Tech support: What seems to be the problem?
Me: The child unit keeps asking me “Why?” over and over and over. I’m going crazy. Please help!
TS: That is a known glitch. The only fix is an update, which won’t be available for at least another year.
If he says I love you and you’re not ready to say it back, just say “I know.” He’ll think you’re being cute and quoting Star Wars. Win-Win.
Dishwasher broke, so now I’m washing them all by hand like some sort of motherless Disney Princess.
The doctor should ask how often you miss your mouth entirely when drinking
I spend a lot of time looking at new recipes for someone who regularly burns instant noodles
It’s exciting to receive a Valentine’s Day card and not know who it’s from. A Father’s Day card, not so much.
{playing Hide & Go Seek}
Me:*hides in pantry
Kids: ready or not here we come!
Me: *quietly opens bag of Cheetos
Kids: He’s eating again!
Dyslexic Superbowl watchers were probably disappointed when they saw football instead of a superb owl.
Cop: can I see some id
Me: *gives him a napkin* keep the change
Cop: are you high
Me: yes sir
Asked 4 how pre school was and she said Jake did a bad thing and made Freya cry and when I asked 4 what Jake did she said she couldn’t remember and went to play with her Barbie and now I’m expected to just carry on my life not knowing what went down between Jake & Freya
[bedtime]
SON: Can you leave the light on?
ME: So it’ll be easier for the monsters to find you?
SON: What?
ME: What?
When I want my husband to cut the grass I give him a mowtivational speech.
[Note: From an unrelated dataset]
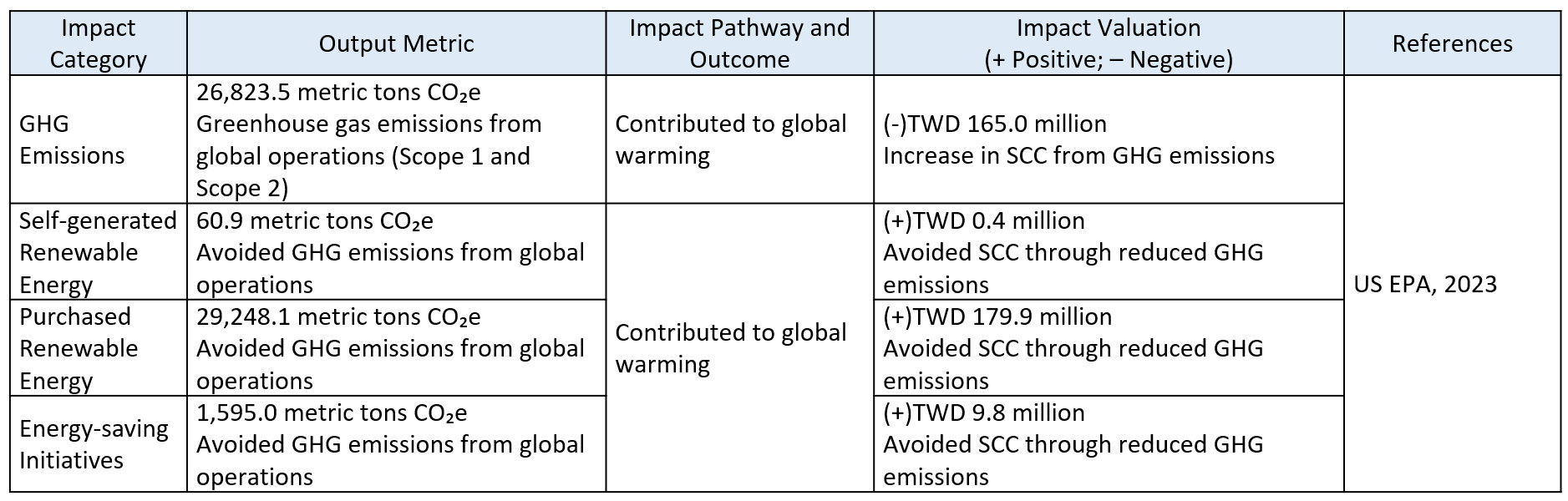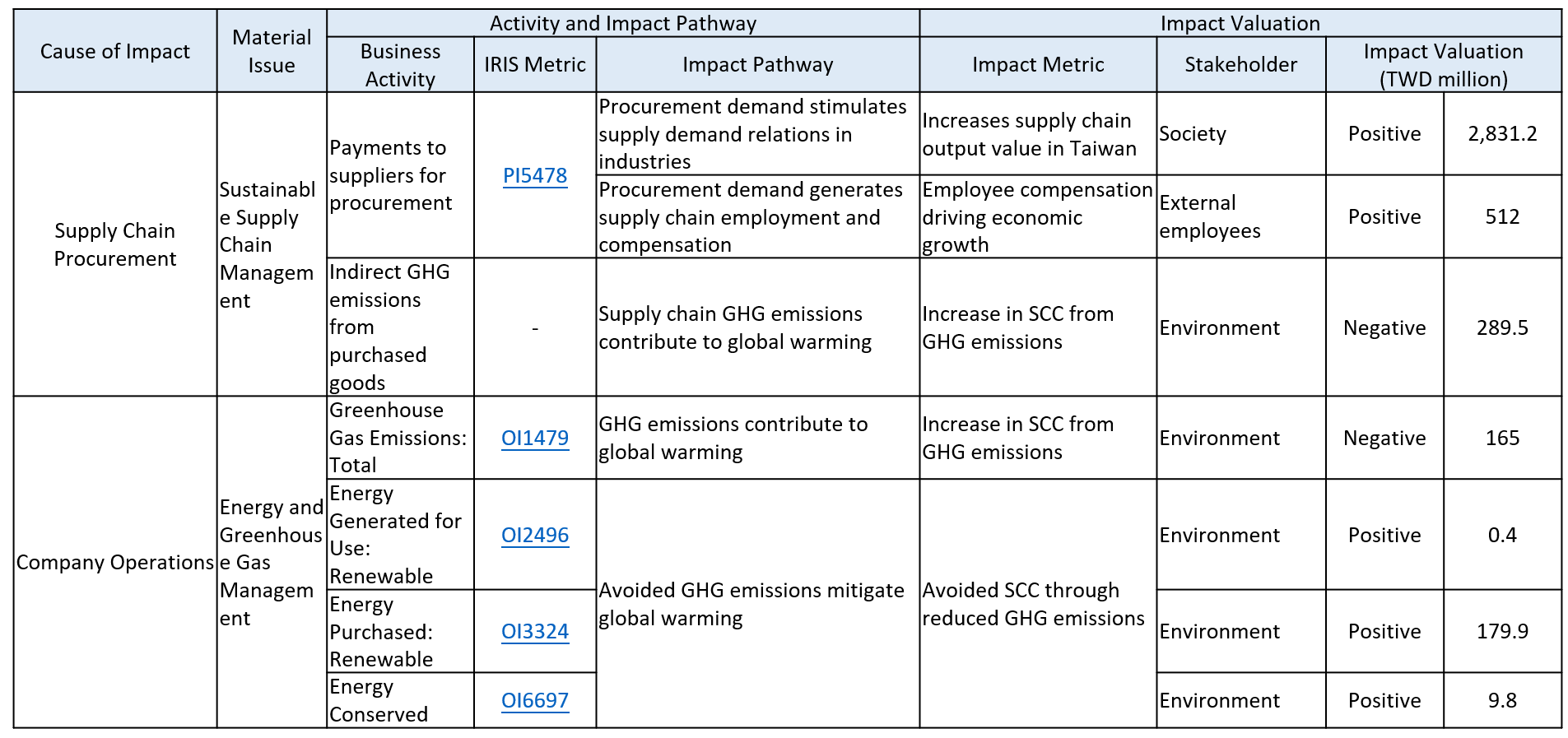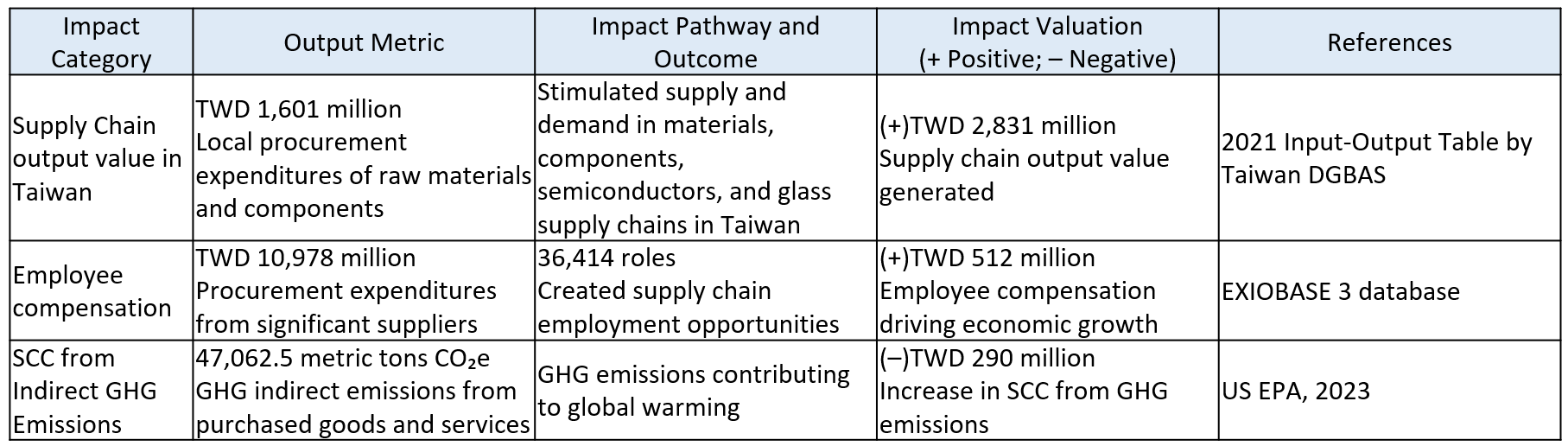In 2024, E Ink adopted the “Domestic Interindustry Linkage Table” published by Taiwan’s Directorate General of Budget, Accounting and Statistics (DGBAS, 2021), combined with the EXIOBASE 3 databaseNote 1, applying the Input-Output Model to conduct quantitative analysis. This assessment evaluates supply chain output value, employment, and employee compensation generated by the Company’s supply chain procurement expenditures. In addition, the social cost of carbon (SCC) Note 2 was used to estimate the environment impacts of indirect greenhouse gas emissions resulting from the procurement of goods and services. The analysis results serve as a critical reference for E Ink’s future risk management and strategic planning, supporting deeper sustainable partnerships with suppliers to jointly reduce potential impacts of the supply chain on stakeholders and the environment, while steadily progressing toward the goal of a “sustainable and value-added supply chain.”

Doctor: congrats! Have you chosen a name yet?
Me: well i love Reese’s Pieces so
Doctor: Reese is a lovely name
Me: *holds baby up* meet Pieces
agent, on phone: my clients have decided to accept your third offer
me: it’s off the table
agent: {muffled} ..what about the second
me: also off the table
agent: {muffled} ..ok fine, they’ll take first then
me: hold on, let me get my cat out of here
My boss is having a colonoscopy today.
I sure hope they find his head.
It was obvious from the camera angle it was AMC killing it’s viewers. #TWDfinale
I saw the Cheesecake Factory trending and thought it died.
You know you’ve just had lunch with a narcissist when your neck is stiff from nodding.
I really admire my daughter’s restraint. When we were reunited after a week apart she waited 5 whole minutes before asking what I brought her
Wind In The Willows: Choosing Nicknames:
Ratty: I’ll be The Ratster!
Toad: I’ll be The Toadster!
Mole: I’ll be The Molest… I’ll be Moley.
boss: david, you’re fired
me: *just got a haircut* is that alllllll you have to say to me 🙂
You have to kiss a lot of short, black, flamboyant musicians before you can find your Prince.
At a seminar. Cannot wait to drop someone during a trust fall.